The lashings of rain that have caused widespread flooding across northern parts of Britain made the final month of 2015 the second wettest December in more than 100 years, the Met Office has confirmed.
Across the the country, an average of 211mm of rain fell during the month. Only December 1929 was wetter, with 213mm of rain. Scotland and Wales both had their wettest December since 1910, the earliest year on record – 333.1mm and 321mm respectively.
This year is on course for being one of the 10 wettest on record in the UK. The wettest year was 2000, when 1,337mm of rain fell across the country. Provisional figures for the year up to December 29 show 1,270mm of rain.
Storm Desmond was largely responsible for making December a record-breaking month, say the experts. Storm Eva brought more gales and heavy rain to many northern areas on Christmas Eve, then Storm Frank moved in to cause more mayhem, with Scotland and Northern Ireland bearing the brunt.
It was also the warmest December on record, according to the latest figures. Average temperatures for the whole of the UK reached 8C, which is 4.1C above the long-term average. The previous record was 6.9C, set in 1934.

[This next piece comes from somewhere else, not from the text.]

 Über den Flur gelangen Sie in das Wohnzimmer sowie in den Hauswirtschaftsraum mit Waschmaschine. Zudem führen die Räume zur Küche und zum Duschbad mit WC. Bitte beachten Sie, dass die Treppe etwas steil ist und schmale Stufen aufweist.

The Met Office said: “This means the temperatures this December 2015 were closer to those normally experienced during April or May.”

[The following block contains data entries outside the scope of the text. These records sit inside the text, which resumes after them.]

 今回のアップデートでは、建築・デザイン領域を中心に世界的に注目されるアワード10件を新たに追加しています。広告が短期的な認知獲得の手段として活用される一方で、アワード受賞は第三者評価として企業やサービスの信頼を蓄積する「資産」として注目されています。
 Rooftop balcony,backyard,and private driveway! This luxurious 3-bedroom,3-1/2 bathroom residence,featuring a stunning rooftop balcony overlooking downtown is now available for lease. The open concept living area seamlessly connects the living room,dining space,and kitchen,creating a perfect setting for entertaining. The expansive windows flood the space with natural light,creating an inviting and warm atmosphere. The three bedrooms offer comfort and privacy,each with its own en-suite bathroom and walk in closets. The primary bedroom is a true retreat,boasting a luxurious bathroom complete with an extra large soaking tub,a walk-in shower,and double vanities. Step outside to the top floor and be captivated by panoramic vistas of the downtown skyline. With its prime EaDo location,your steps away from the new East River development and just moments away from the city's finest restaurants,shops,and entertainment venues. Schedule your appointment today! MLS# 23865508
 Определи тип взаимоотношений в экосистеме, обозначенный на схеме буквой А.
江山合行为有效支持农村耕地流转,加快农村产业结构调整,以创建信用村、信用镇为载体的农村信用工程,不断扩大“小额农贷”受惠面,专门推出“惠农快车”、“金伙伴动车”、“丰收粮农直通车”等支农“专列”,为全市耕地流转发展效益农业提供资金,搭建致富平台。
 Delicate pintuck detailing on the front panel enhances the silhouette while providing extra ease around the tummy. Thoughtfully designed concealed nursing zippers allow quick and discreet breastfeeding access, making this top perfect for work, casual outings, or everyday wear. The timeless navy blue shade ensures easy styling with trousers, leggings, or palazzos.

Climate scientist Professor Piers Forster, from the University of Leeds, said: “There is no doubt in my mind that climate change is partly responsible for the flooding across the north of England. These floods are in part due to greenhouse gas emissions.” He said the high temperatures resulted from the combined effect of a strong El Nino ocean-warming system in the Pacific and a man-made global warming trend.
Meteorologist Dr Paul Williams, from the University of Reading, said “simple physics” showed that warmer air holds more water vapour. He added: “The global warming that we have experienced so far has increased the atmosphere’s moisture storage capacity by about 7 per cent. This is undisputed science.”